MART-NİSAN 2019 / RÖPORTAJ
“Ormancı yazın kor, kışın kar üzerindedir”
Canan YALÇIN SEVER
Fatih COŞKUN
21 Mart, “Dünya Ormancılık Günü”, 21 Mart’ı içerisine alan hafta da “Orman Haftası” olarak kutlanmaktadır.
Ağaçlar yandığı zaman benim canım yanıyor. Yangın anında hiçbir şey düşünmüyorsunuz. Bir an önce oraya varmak, bir an önce müdahale etmek istiyorsunuz.
Avrupa Tarım Federasyonu(CEA) 21 Mart gününü, kuzey yarım kürede ilkbaharın, güney yarım kürede de sonbaharın başlangıç günü olarak kabul etmiş ve Birleşmiş Milletler Gıda Örgütü (FAO) kanalı ile bunun bütün dünya ülkelerine tavsiye edilmesini sağlamıştır. O günden bu yana 21 Mart, “Dünya Ormancılık Günü”, 21 Mart’ı içerisine alan hafta da “Orman Haftası” olarak kutlanmaktadır. 1975 yılında bu uygulamaya dahil olan ülkemizde de bu gün ve hafta çeşitli etkinliklerle kutlanıyor.
Ormanların yeryüzü ve canlılar için yaşam kaynağı olduğunu hepimiz biliyoruz. Acaba ormanı ve dolayısıyla dünyayı korumak adına üstümüze düşen görevleri yeterince yerine getirebiliyor muyuz? Bu sorunun cevabını tam olarak verebilmek biraz güç olsa da ormanları ve içinde barındırdığı her şeyi korumak için orman muhafaza memurları gece gündüz demeden, her an tetikte ormanlarımızı –özellikle de insanların verdiği zararlardan-korumaya çalışıyor. Biz de Dünya Ormancılık Günü ve Orman Haftası vesilesiyle Ankara Orman İşletme Şefliğinde çalışan orman muhafaza memuruyla samimi bir sohbet gerçekleştirdik. Erol Çaklı mesleğini ve yaşadıklarını anlatırken “bu da mı orman muhafaza memurunun göreviymiş” demeden kendimizi alamadık.

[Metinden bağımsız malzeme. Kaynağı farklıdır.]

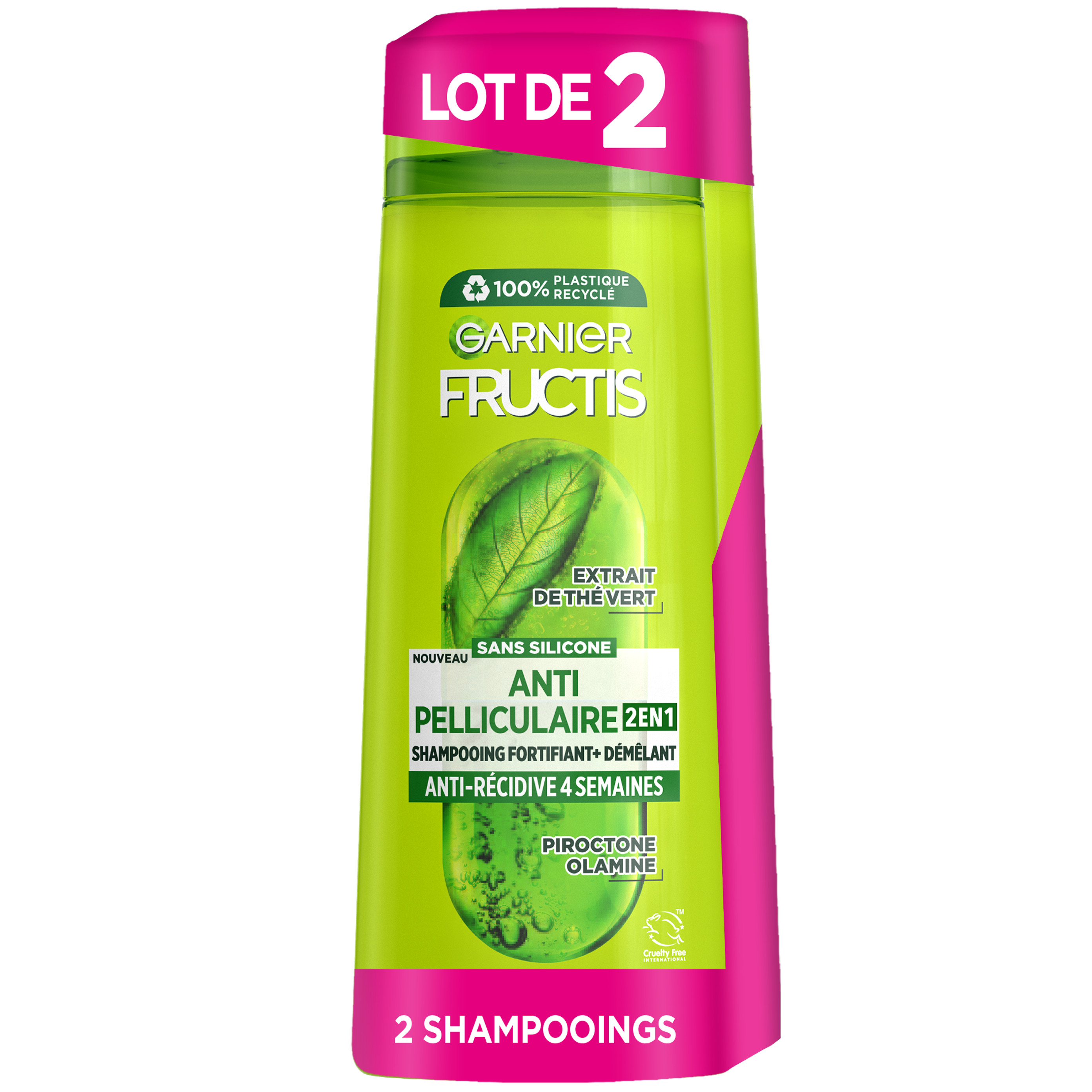 Garnier Fructis 2en1 Anti-Pelliculaire Shampooing antipelliculaire 2en1 500 ml Un shampooing fortifiant et antipelliculaire qui allie efficacité, plaisir d’utilisation et respect des cheveux et du cuir chevelu. Il est adapté à un usage quotidien. Débarrassés de leurs pellicules, les cheveux respirent à nouveau et retrouvent leur brillance. Ils sont instantanément démêlés.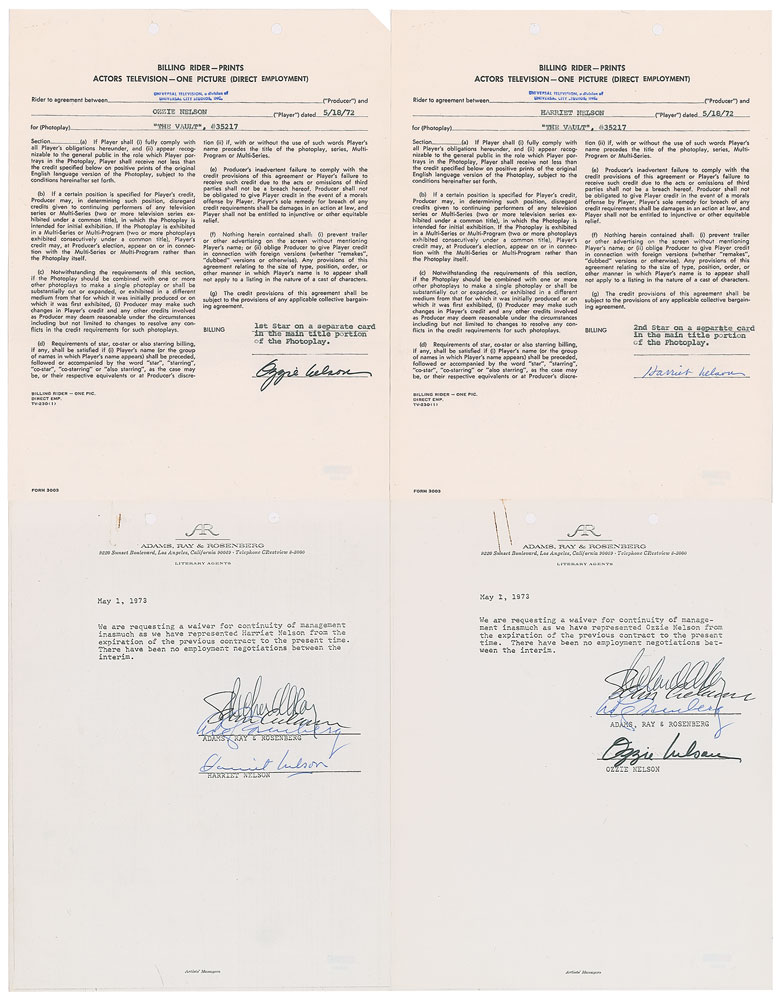 Pair of billing riders between Universal Television and Ozzie and Harriet Nelson, one page each, 8.5 x 11, dated May 18, 1972, with the couple each agreeing to appear in "The Vault," episode 5a of the third season of Rod Serling's Night Gallery. Signed at the conclusion of their respective contract in black felt tip or blue ballpoint. Also included are a pair of official letters from Adams, Ray & Rosenberg, dated May 1, 1973, requesting a "waiver of continuity of management," individually signed at the conclusion by Ozzie and Harriet Nelson. In overall fine condition. The title of episode 5a of the third season of Night Gallery was changed from 'The Vault' to 'You Can Come Up Now, Mrs. Millikan,' with the plot concerning an inventor (Ozzie Nelson) and his wife (Harriet Nelson) who trade in their clumsiness for an experiment in immortality. The episode was based on the short story 'The Secret of the Vault' by J. Wesley Rosenquist. Accompanied by four certificates of authenticity from PSA/DNA.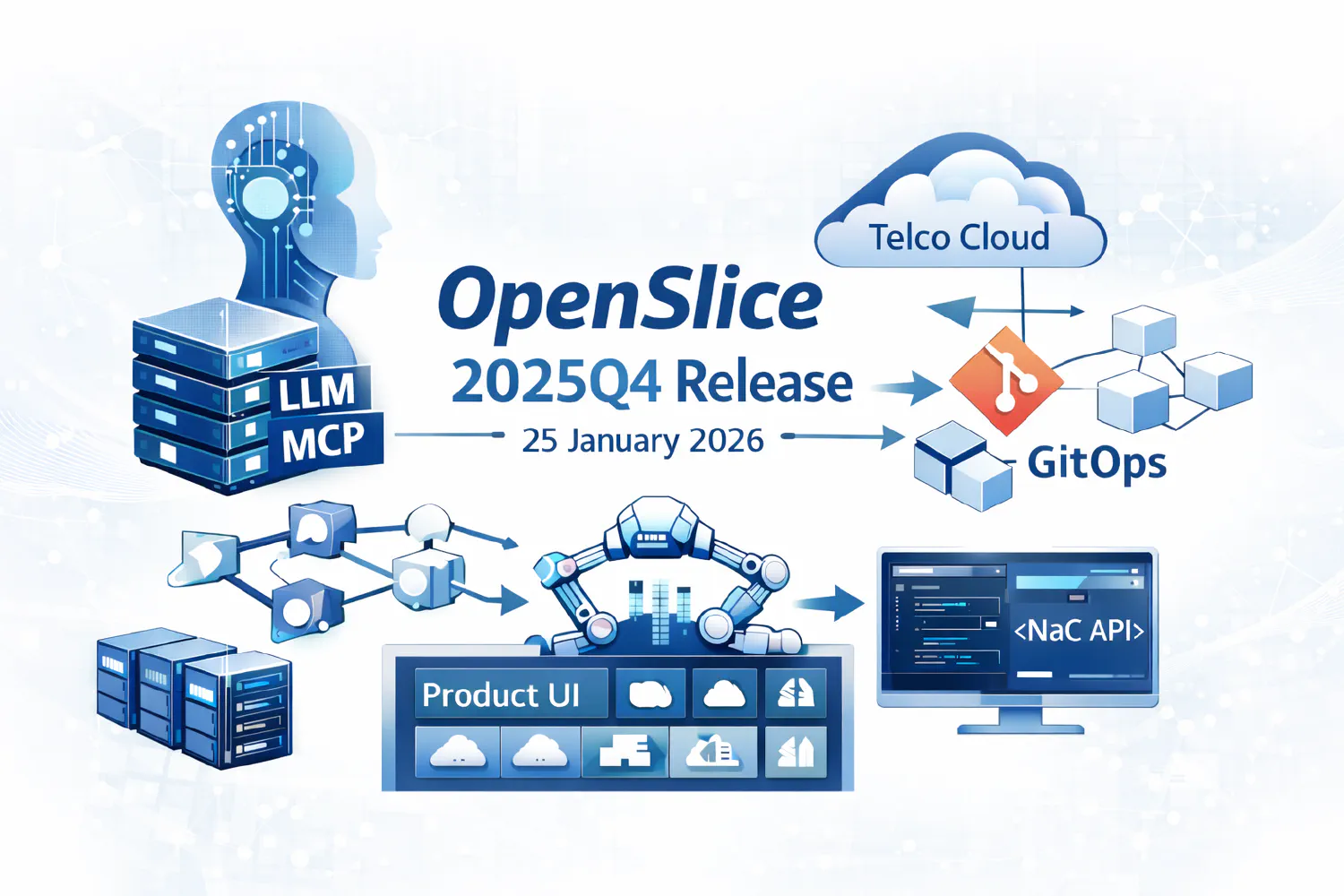 In 2025Q4, AI moves from the experimental periphery to the operational core. The OpenSlice MCP Server has matured way beyond its pilot phase, now featuring authentication and improved tool exposure. Driven by the need for data sovereignty and operational flexibility, we are introducing the OpenSlice MCP Backend. This new project natively integrates with the MCP Server but shifts the intelligence inward by leveraging local LLM deployments. Users can now connect to and fine-tune models within their own infrastructure. This stack powers the new OpenSlice AI Assistant, providing a seamless, chat-driven interface for platform tools. More importantly, we have implemented Agentic Orchestration. OpenSlice can now invoke a chain of internal or external Agents throughout the service lifecycle, transforming high-level insights into executable network actions. We see this as a critical milestone toward achieving true Autonomous Networks.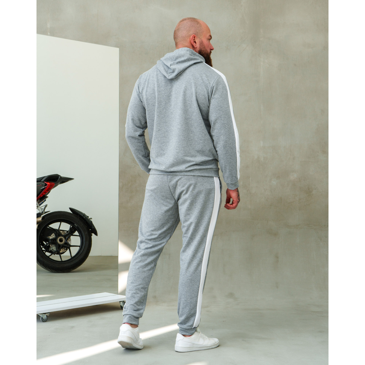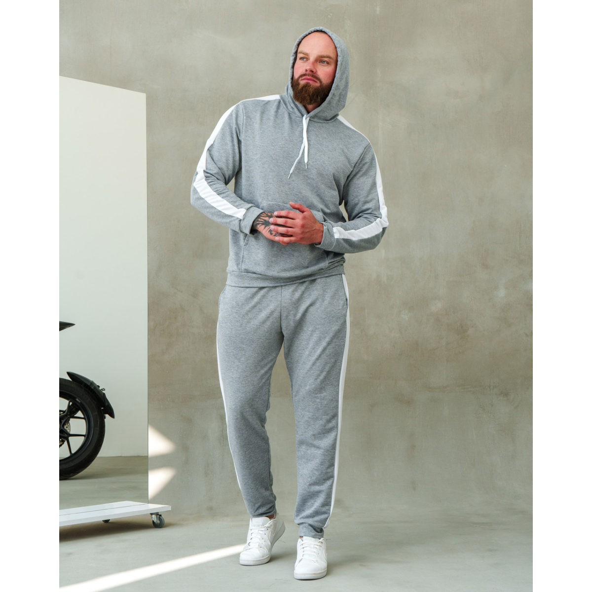 Костюм спортивний чоловічий Лампаси весна Сіро-білий, M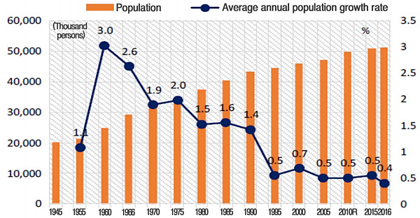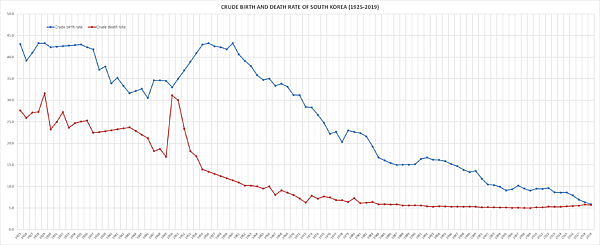 В Южной Корее в 2020 году была зафиксирована самая низкая рождаемость в мире — суммарный коэффициент рождаемости составил 0,84[1]. В начале 1960-х этот показатель был равен 6, однако в течение следующих 20 лет рождаемость в стране снизилась ниже уровня воспроизводства населения, а к середине 2000-х годов суммарный коэффициент рождаемости опустился ниже 1,3 (четверо детей на три семьи в среднем). Из-за быстрого старения населения число жителей страны начнет сокращаться уже в ближайшие годы, по итогам 2020 года в Южной Корее впервые в истории зафиксирована естественная убыль. При этом ожидается сокращение числа занятых, замедление экономического роста, обострение кризиса пенсионной системы.[2] Из-за того, что корейцы, как другие народы Восточной Азии (японцы, китайцы и т.д.) предпочитают селиться в плотно заселённых, крупных экономических центрах и агломерациях, где больше социально-экономических возможностей и лучше развита инфраструктура, возникают проблемы диспропорций в населённости страны. Пример план переноса столицы Республики Кореи, отчасти вызванный чрезмерной концентрацией населения в Сеульском национальном столичном регионе, где по состоянию на 2018 год, проживало 25 674 800 человек или около 50% населения Республики Корея. Что ведёт к чрезмерной перенаселённости и высокой плотности населения крупных городов, и городских агломераций, и в свою очередь депопуляции в сельской, и малонаселённой местности.[3][4]

Röportajı gerçekleştireceğimiz yere vardığımızda ağaçlar arasında küçük bir binanın önünde Orman muhafaza memuru Erol Çaklı ve ekibi bizi karşıladı. Sıcak sobanın başında sohbet ederken ekibin samimiyetini ve mesleklerine olan sevgisini gözlerinden, konuşmalarından hemen anladık. 50 yaşında, Gümüşhaneli ve orman köylüsü olan Erol Çaklı, heyecanlı bir şekilde mesleğini ne kadar sevdiğini ve bu mesleğin sevmeden yapılamayacağını anlattı önce. Aslında bu mesleğe girmeden önce de babasının mesleği nedeniyle hayatının ormanlarda geçtiğini anlatarak sözlerini şöyle sürdürdü:
“1993 yılında bu mesleğe başladım halen de devam ettiriyorum. Ben Kahramankazan’dan önce çeşitli yerlerde çalıştım. İlk görev yerim Sivas Koyulhisar. Burada 12 yıl çalıştım. 2005 yılında Kızılcahamam’a tayin oldum. Son 2 yıldır ise Kahramankazan’da Ankara Orman İşletme Şefliğinde görev yapıyorum.
Tabi ki bu mesleği severek seçtim. Mesleğin en büyük teması sevmek. Sevmezsen olmaz. Zaten bir şeyi sevemezsen başarılı olamazsın.
Ben bu işin zorluklarının farkındaydım. Çünkü mesleğe girmeden önce ben yine bu işle uğraşıyordum. Benim babam kamyoncuydu. Ormanlarda çalıştım. Kesim yaptım, ağaçları depoya taşıdım, boylama yaptım yani benim bir alt yapım vardı ki o bana daha bir katkı sağladı. Mesleğe girerken hiçbir kuşkum olmadı. Orman muhafaza memurluğunda 7/24 usulü var. Diğer memurlar gibi sabah 8 akşam 5 yok bizde. Her an için hazırsın, her an için tetiktesin.”
Haber Görseli
Dünya Ormancılık Günü ve Orman Haftası vesilesiyle Ankara Orman İşletme Şefliğinde çalışan orman muhafaza memuru Erol Çaklı ile samimi bir sohbet gerçekleştirdik.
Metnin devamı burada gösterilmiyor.